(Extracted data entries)
......
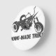 The clock did not take as long to arrive as I thought it might and was extremely well packaged. I didn't do the measurements so I didn't realize it is a little smaller than the average clock but that does not matter (just make sure you check if that's important to you).It is really nifty! It seems very solid and well made not flimsy at all. It has been going well and has kept good time in its few weeks on my wall. Nice product. Gets noticed too! Nicer in real life than the picture but true to the picture
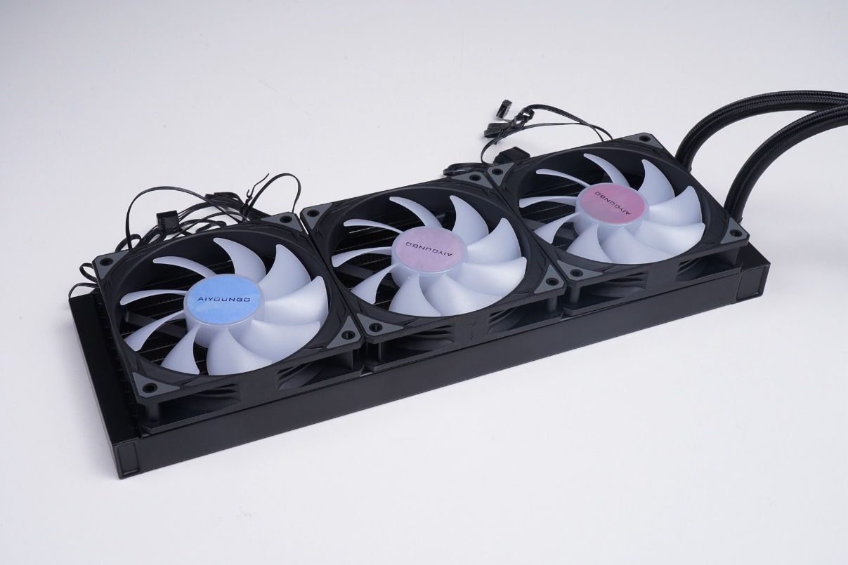 散热风扇方面,爱国者冰魄SX360标配的是三把支持ARGB光效的液压轴承扇,它可以支持最高2000RPM的PWM调速,最大风量和风压达78CFM和3mm H2O。
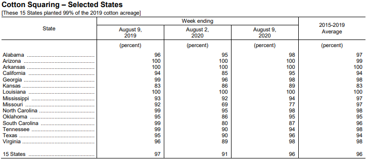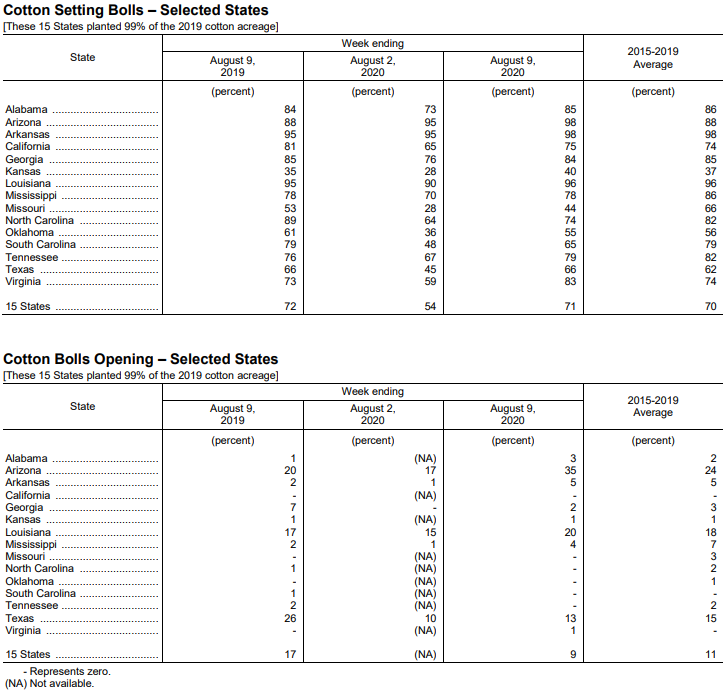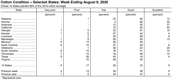 美國農(nóng)業(yè)部8月10日發(fā)布的美國棉花生產(chǎn)報告顯示,截至8月9日,美棉蕾鈴率為96%,前周為91%,去年同期為97%,5年均值為96%。美棉結(jié)鈴進(jìn)度為71%,前周為54%,去年同期為72%,5年均值為70%。美棉吐絮進(jìn)度為9%,去年同期為17%,5年均值為11%。美棉優(yōu)良率為42%,前周為45%,去年同期為56%;其中得州優(yōu)良率為22%,較前周減少3個百分點(diǎn),差苗率為35%,較前周增加11個百分點(diǎn)。
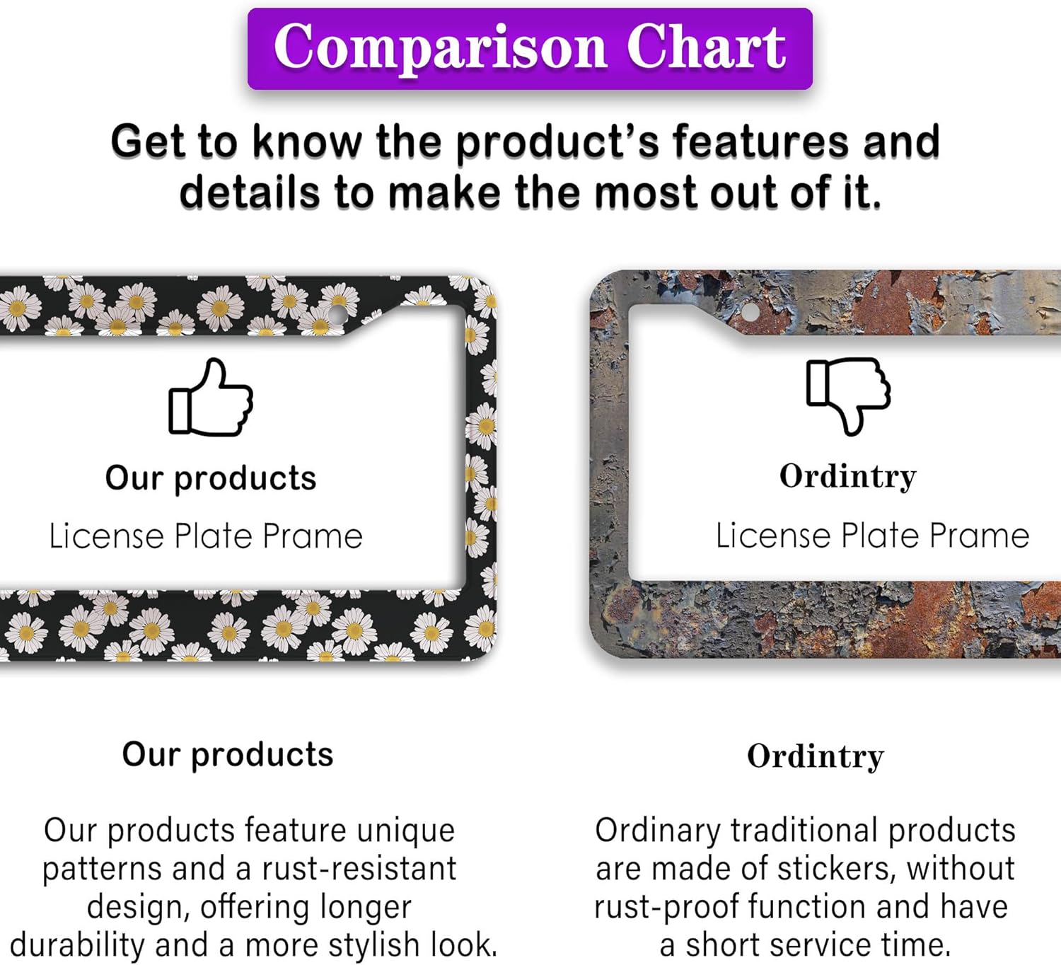 - FUNNY DESIGN: Featuring a unique and customized design, this license plate frame creates an eye-catching and bold statement for your vehicle. Not only does it add a touch of personality to your car, but it also makes for a great holiday gift, souvenir, or decorative piece for family, friends, and colleagues. Elevate your vehicle's style while sharing a laugh!
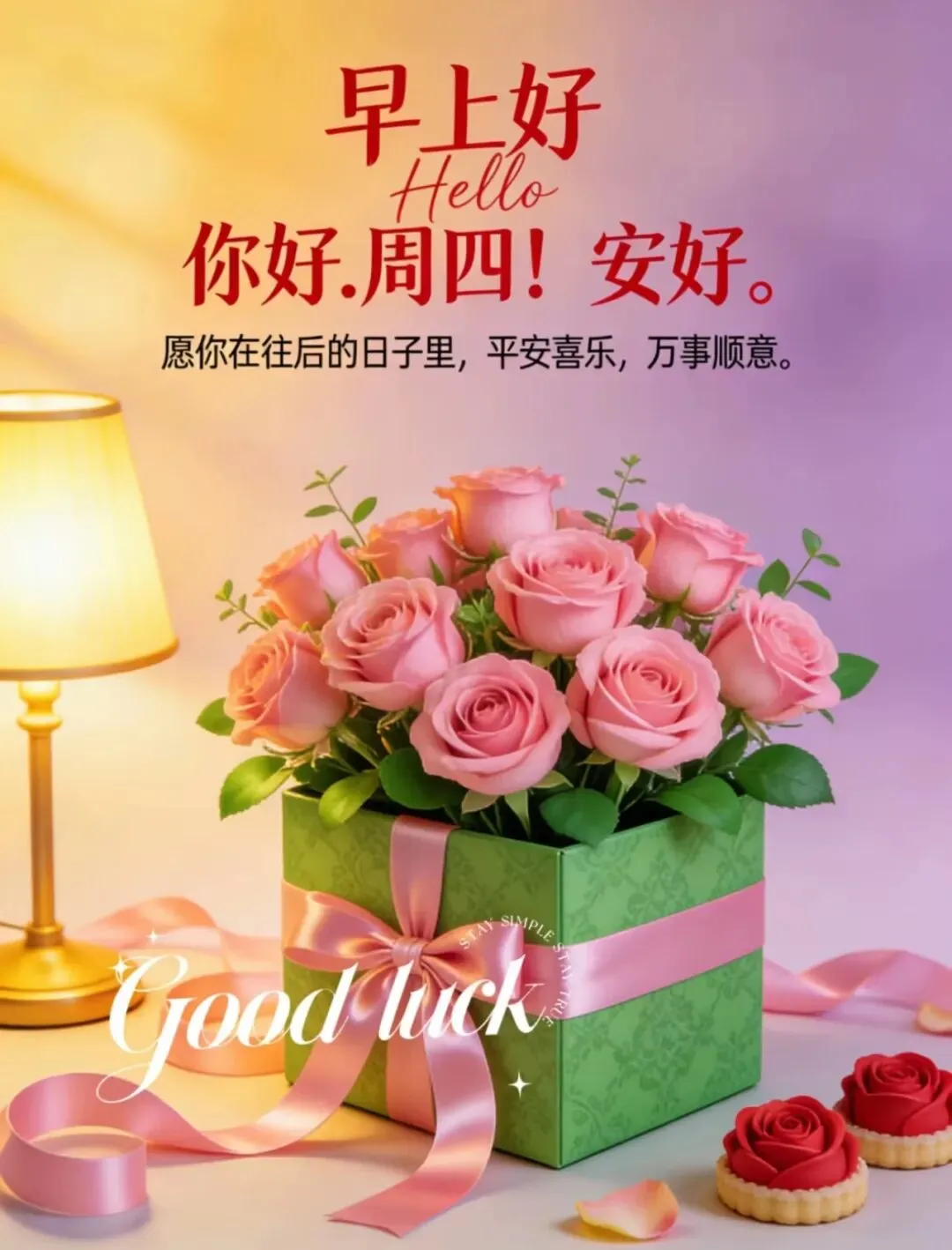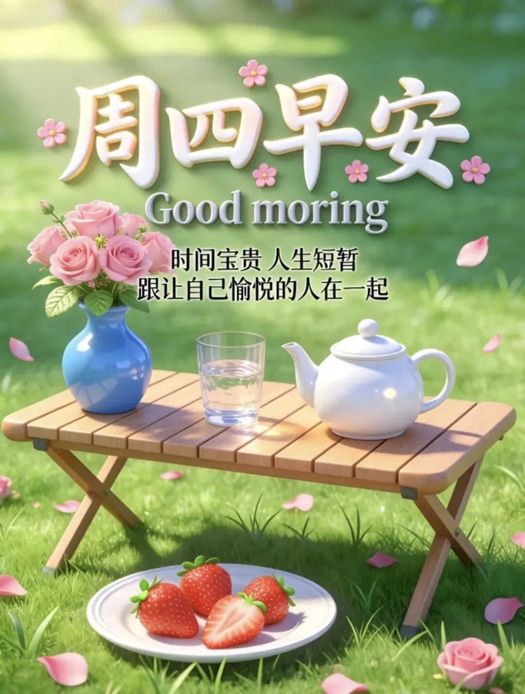 6、🌸阳春三月,花开正好,清晨的阳光治愈一切🌅。愿你心境安然,忙有所值,累有所得,烦恼随风散去,好运步步相随,生活甜甜蜜蜜,周四愉快,早安呀🌿💖
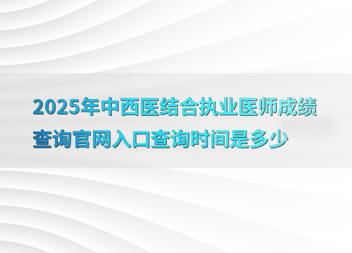 2025年中西医结合执业医师综合考试成绩于9月23日公布。
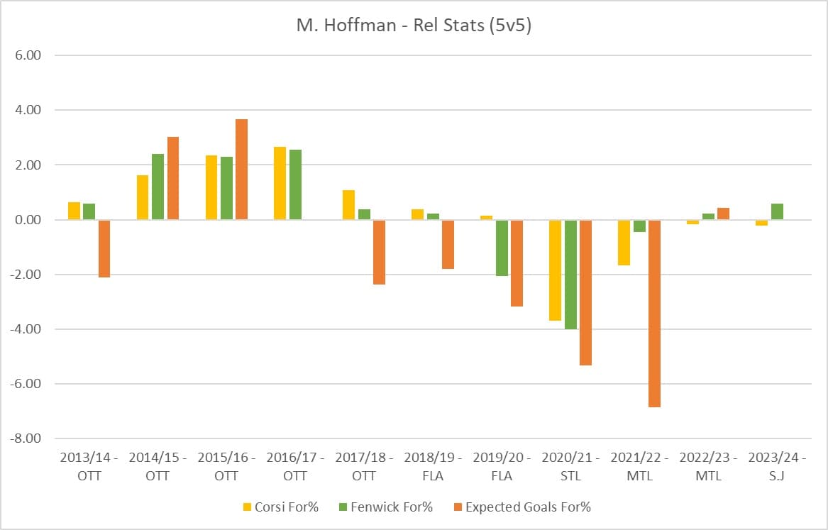 The table below shows Hoffman’s on-ice shot-differential numbers relative to his teammates. This factors in the quality-level of their roster and tells us if they’re thriving in the minutes their given. I tend to use Corsi For percentage, which is a proxy for puck possession, as well as Fenwick and Expected goals as a proxy for scoring chances.
......
ACTIVITY: The lines from the start of the data through the line that contains "散热风扇方面,爱国者冰魄SX" are to be returned exactly, please, with both ends included and every picture left out.

ANSWER TO THE PROBLEM:
 The clock did not take as long to arrive as I thought it might and was extremely well packaged. I didn't do the measurements so I didn't realize it is a little smaller than the average clock but that does not matter (just make sure you check if that's important to you).It is really nifty! It seems very solid and well made not flimsy at all. It has been going well and has kept good time in its few weeks on my wall. Nice product. Gets noticed too! Nicer in real life than the picture but true to the picture
 散热风扇方面,爱国者冰魄SX360标配的是三把支持ARGB光效的液压轴承扇,它可以支持最高2000RPM的PWM调速,最大风量和风压达78CFM和3mm H2O。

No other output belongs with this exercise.